0
votes

Sorry for the concern, but I hope to get any help from Lucene-experienced people.

Now we use in our application Lucene.Net 3.0.3 to index and search by ~2.500.000 items. Each entity contains 27 searchable field, which added to index in this way: new Field(key, value, Field.Store.YES, Field.Index.ANALYZED))

Now we have two search options:

  1. Search only by 4 fields using fuzzy search
  2. Search by 4-27 fields using exact search

We have a search service that every week automatically searches by about 53000 people such “Bob Huston”, “Sara Conor”, “Sujan Hong Uin Ho”, etc.

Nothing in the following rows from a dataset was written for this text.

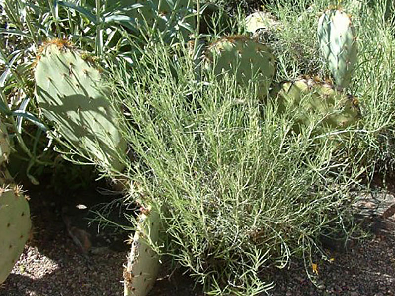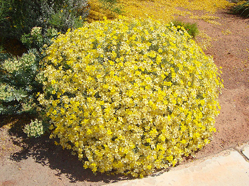 Southwestern native. Mojave Desert native. Woody-based perennial with a low, mounding habit. Small, slender, light green to gray-green leaves. Leaves at the base are thicker and more rounded. Stems are covered with white woolly hairs. Blooms at the branch tips. The bright yellow flowers dry to an ivory color and remain on the plant. Flowers attract butterflies and bees. Seeds a food source for birds. May re-seed into the landscape. Becomes straggly when older. Can shear back in late winter to encourage bushy habit. Leaves are poisonous if eaten. Synonym: Riddellia cooperi.
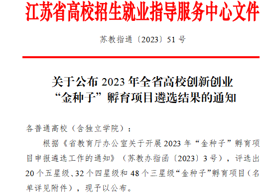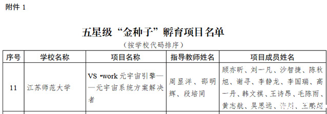 近日,由江苏省教育厅主办、省高校招生就业指导服务中心(以下简称省招就中心)负责组织实施的2023年度江苏省“金种子”孵育项目遴选结果公布,我校报送的智慧教育学院“VS·work元宇宙引擎——元宇宙系统方案解决者”项目成功入选最高级别“五星级”孵育项目(全省20项)。
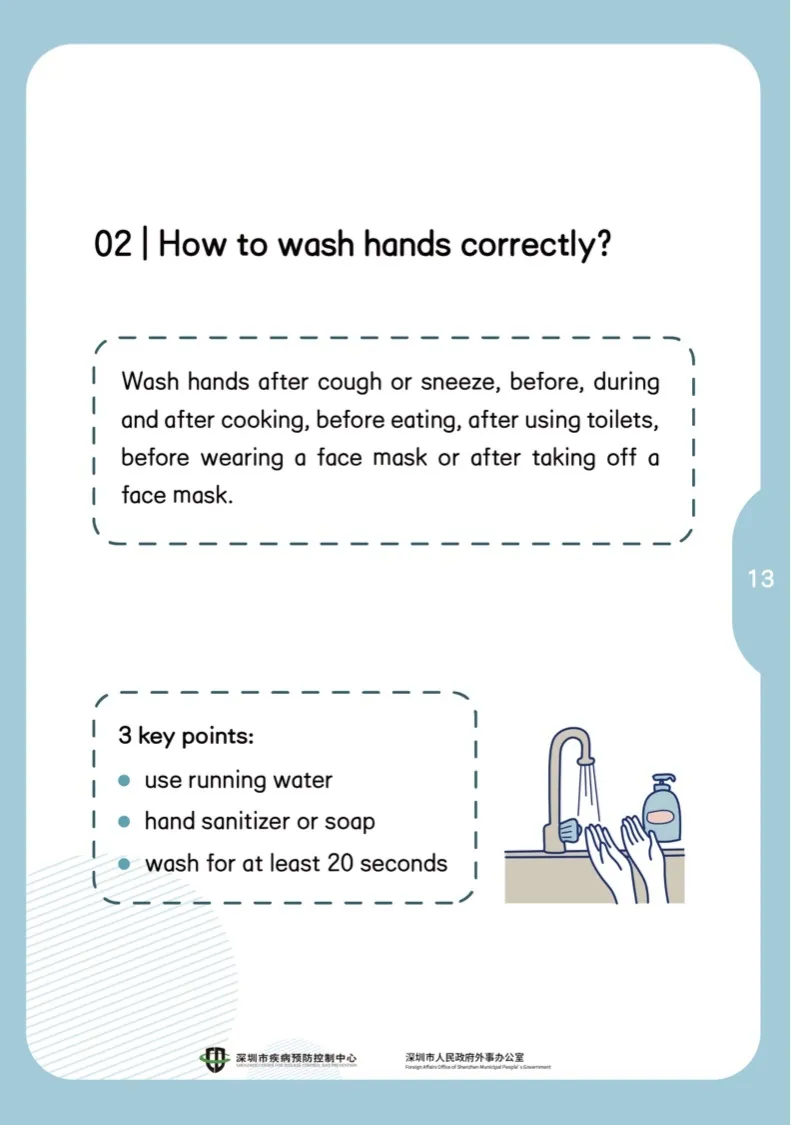 咳嗽或打噴嚏后,準備食物前、中、后,餐前便后,戴口罩前和摘口罩后,都要記得洗手。三個關鍵點:流動的水,使用洗手液或肥皂,洗夠20秒。
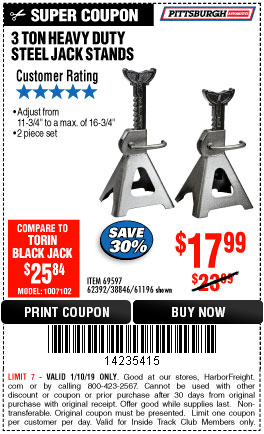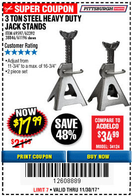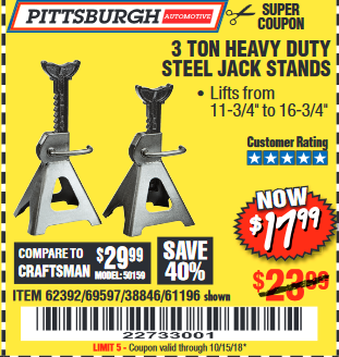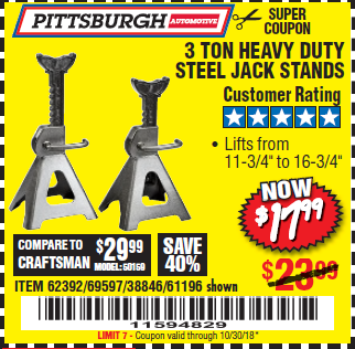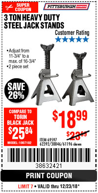 ITC 3 TON HEAVY DUTY STEEL JACK STANDS Lot No. 61196/62392/38846/69597 Expired: 3/8/18 - $17.99 Coupon Code: '11477873'

So we experience slow search speed in option 1, its an average 4-8 sec in searcher.Search and its our major problem.

Search sample code:

                var index = FSDirectory.Open(indexPath);
                var searcher = new IndexSearcher(index, true);
                this.analyzer = new StandardAnalyzer(Version.LUCENE_30, new HashSet<string>())
                var queryParser = new MultiFieldQueryParser(Version.LUCENE_30, queryFields, this.analyzer);
                queryParser.AllowLeadingWildcard = false;
                Query query;
                query = queryParser.Parse(token);
                var results = searcher.Search(query, NumberOfResults);// NumberOfResults==500

Our fuzzy search query to find “bob cong hong” in 4 fields:

(((PersonFirstName:bob~0.6) OR (PersonLastName:bob~0.6) OR (PersonAliases:bob~0.6) OR (PersonAlternativeSpellings:bob~0.6)) AND ((PersonFirstName:cong~0.6) OR (PersonLastName:cong~0.6) OR (PersonAliases:cong~0.6) OR (PersonAlternativeSpellings:cong~0.6)) AND ((PersonFirstName:hong~0.6) OR (PersonLastName:hong~0.6) OR (PersonAliases:hong~0.6) OR (PersonAlternativeSpellings:hong~0.6)))

Current improvements:

  1. We combined these 4 fields to 1 search field
  2. We decided to use single IndexSearcher in service instead of open in every search request
  3. MergeFactor=2

Total combination of improvements produces about 30-40% speed increasing.

Following this article we`ve made most of possible optimizations:

Do you have other suggestions how to improve search speed in our situation?

Thank you.

1

1 Answers

1
votes

You can improve the speed of Fuzzy Queries by setting their prefix length to a non-zero value. This will allow lucene to narrow the set of possible results efficiently. Like this:

queryParser.FuzzyPrefixLength = 2;

Also, it doesn't affect the query you've provided as an example, but if you care at all about performance, you should remove the line queryParser.AllowLeadingWildcard = false;. Leading wildcards will absolutely kill performance.